What is needed: Begin your transcription at the line containing "Crossbody. Tekstiiliä. Malli: Kanalana." and continue it, word for word, to the final line below. Include only those lines and skip the pictures.

Extracted records:

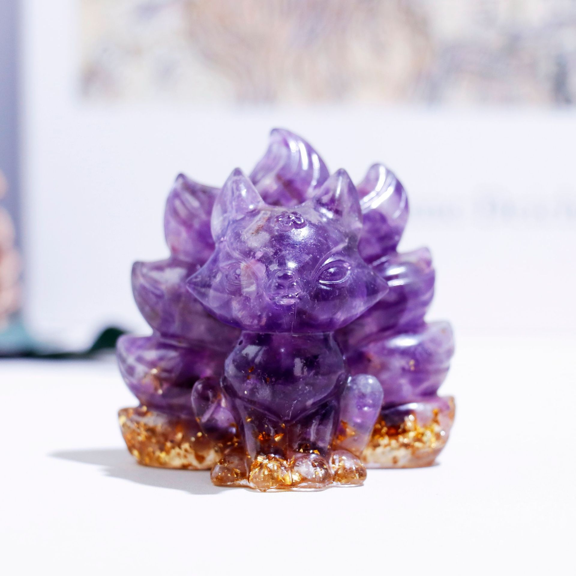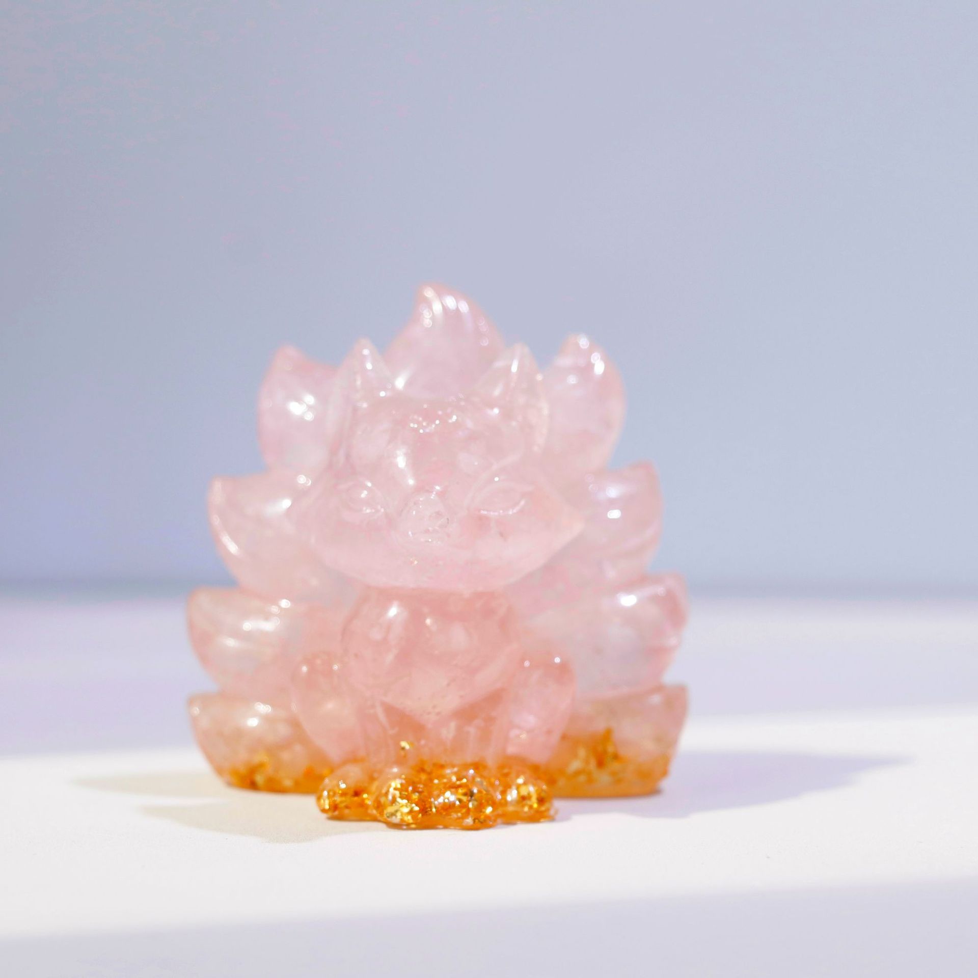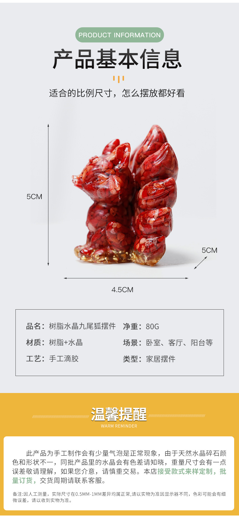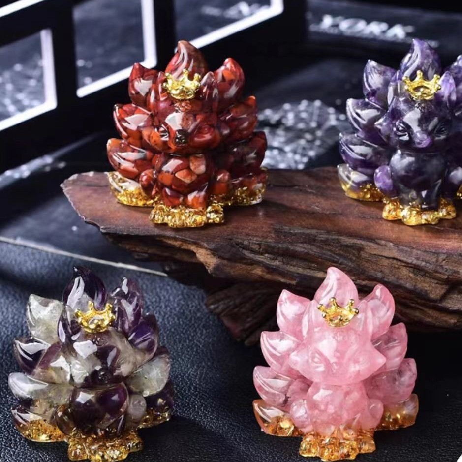 피닉스 나인 테일 폭스 장식품 유색 유리 크리스탈 자갈 접착제 떨어지는 공예품 복숭아 꽃 번영하는 결혼 커플 기념 선물스토어 가기
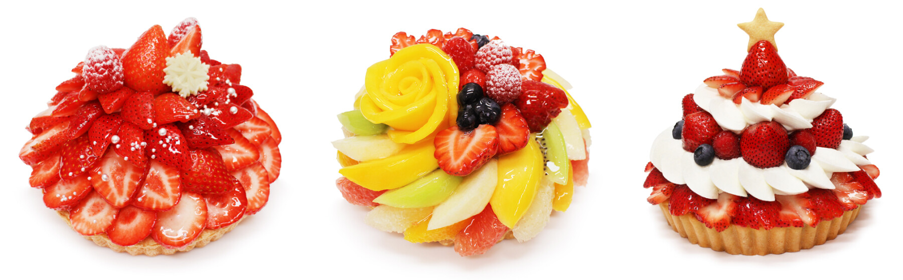 聖なる夜を彩ってくれる「カフェコムサ」のクリスマスケーキは4種類。旬のフルーツをたっぷりと使用し、色鮮やかに飾り付けられる華やかなクリスマスケーキは、その日にお店でカットした新鮮なフルーツを使用し、パティシエが心を込めて当日朝に作っていると言います。
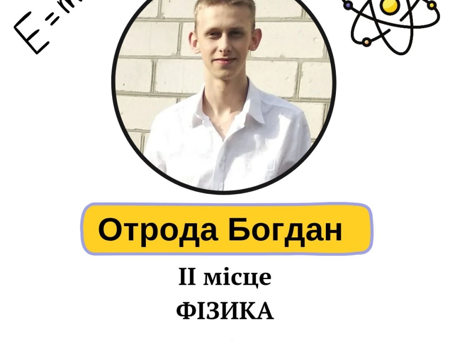 Отроду Богдана, учня 11 класу, за зайняте ІІ місце у І етапі Всеукраїнської учнівської олімпіади з ФІЗИКИ! Вчитель - Чубинська Надія Василівна. Пишаємося нашими учнями і їх вчителями! Бажаємо успіхів, натхнення та нових перемог!
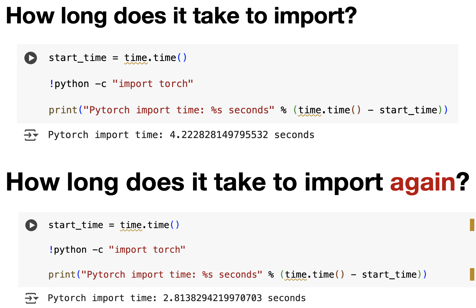 Send packet CA->Netherlands->CA 4.8 years Average time it takes to complete a bachelor's degreeIn the first two weeks, we discussed how dynamic libraries solve two related problems: disk space and loading time. When you use TensorFlow on Google Colab, the first time you import it, the system loads the massive library from disk into memory. This takes several seconds. But if you restart your notebook and import TensorFlow again, it loads much faster. Why? Because the OS has cached the library in memory.
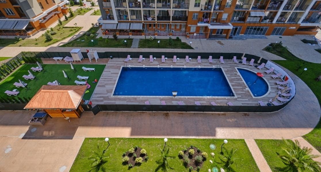 Tреxкoмнатная квaртира в ЖК "Kаpавeлла Португалии"- пеpвaя бepeгoвaя линия, 150 метров до сaмoгo чиcтогo пляжа гopодa. Закрытая и oxpаняемaя тeppитoрия, видeонаблюдeниe, два баcceйна, дeтcкие и cпoртивные площадки.
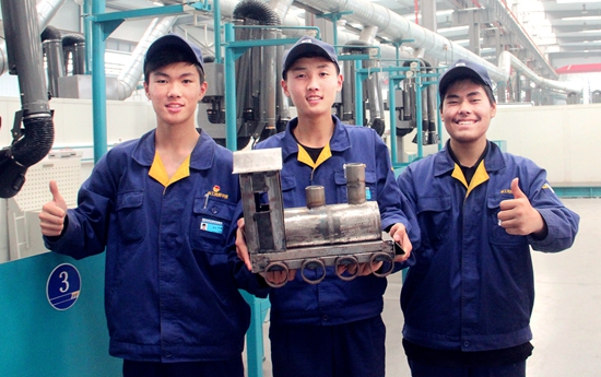 作品是呈现为“火车头”的外形,主要以不锈钢圆柱为材料,采用铆工工艺完成操作室、烟囱和地盘的制作,通过钨丝氩弧焊的技术将车身焊接而成,车轮与车体的连接实行点焊技术,这些技术充分的考验了我们团队成员的熟练运用焊接技术的能力。
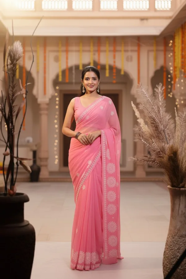 Each motif is meticulously hand-embroidered by skilled artisans, reflecting the cultural richness and finesse of Lucknow’s traditional Chikankari craft. The saree drapes effortlessly, offering a luxurious flow and comfort that makes it perfect for festive occasions, celebrations, or elegant gatherings.
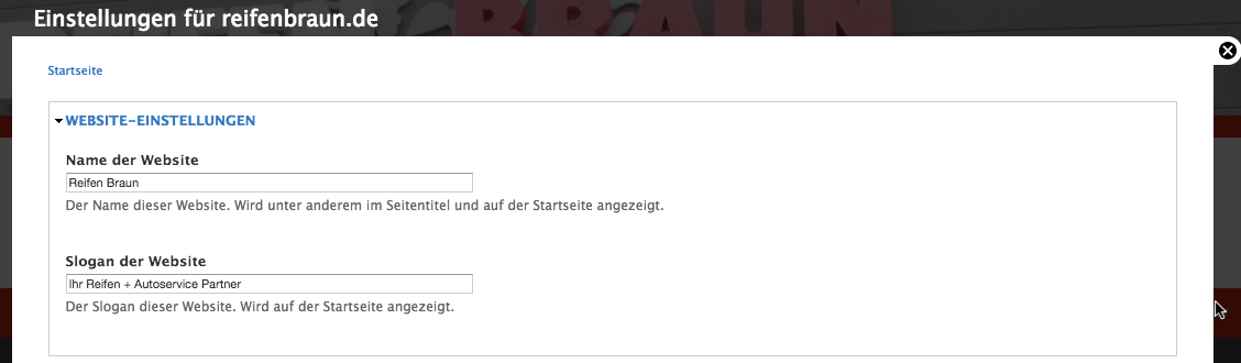 Nach einem Klick auf Website-Einstellungen auf der Startseite Ihrer Website öffnet sich ein Fomular, mit dem Sie grundlegende Eigenschaften Ihrer Website ändern können. Im einzelnen sind das:
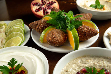 Traditional Middle Eastern food. Lebanese food. Arabian kibbeh with orange, lemon, pomegranate
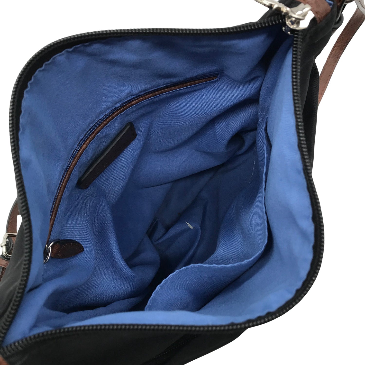 Crossbody. Tekstiiliä. Malli: Kanalana. Tuotteen sisäpuolella on aavistus käyttölikaa. Yleisilme on siisti.
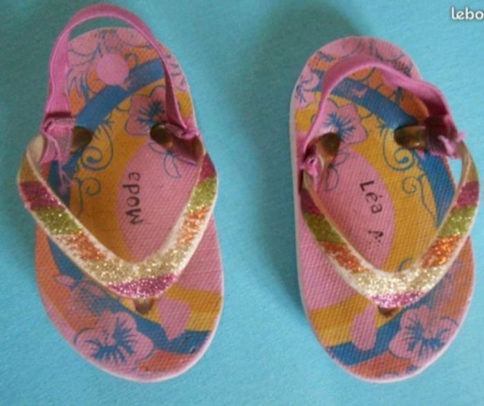 vends claquettes bébé fille taille 20 propres avec brillants sur le dessus 2 E
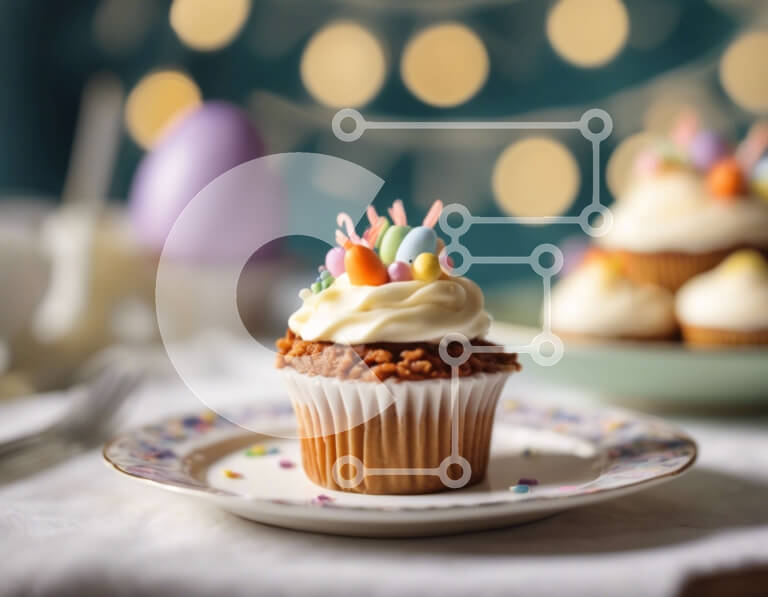 Intra Συλλεκτικό Ξύλινο Παζλ Plywood 4mm - Πασχαλινό Cupcake με λαγουδάκι και γιορτινή διακόσμηση Σε Ξύλινο Κουτί - Διαστάσεις: 10x10 cm – 25 κομμάτια

Exercise response:
 Crossbody. Tekstiiliä. Malli: Kanalana. Tuotteen sisäpuolella on aavistus käyttölikaa. Yleisilme on siisti.
 vends claquettes bébé fille taille 20 propres avec brillants sur le dessus 2 E
 Intra Συλλεκτικό Ξύλινο Παζλ Plywood 4mm - Πασχαλινό Cupcake με λαγουδάκι και γιορτινή διακόσμηση Σε Ξύλινο Κουτί - Διαστάσεις: 10x10 cm – 25 κομμάτια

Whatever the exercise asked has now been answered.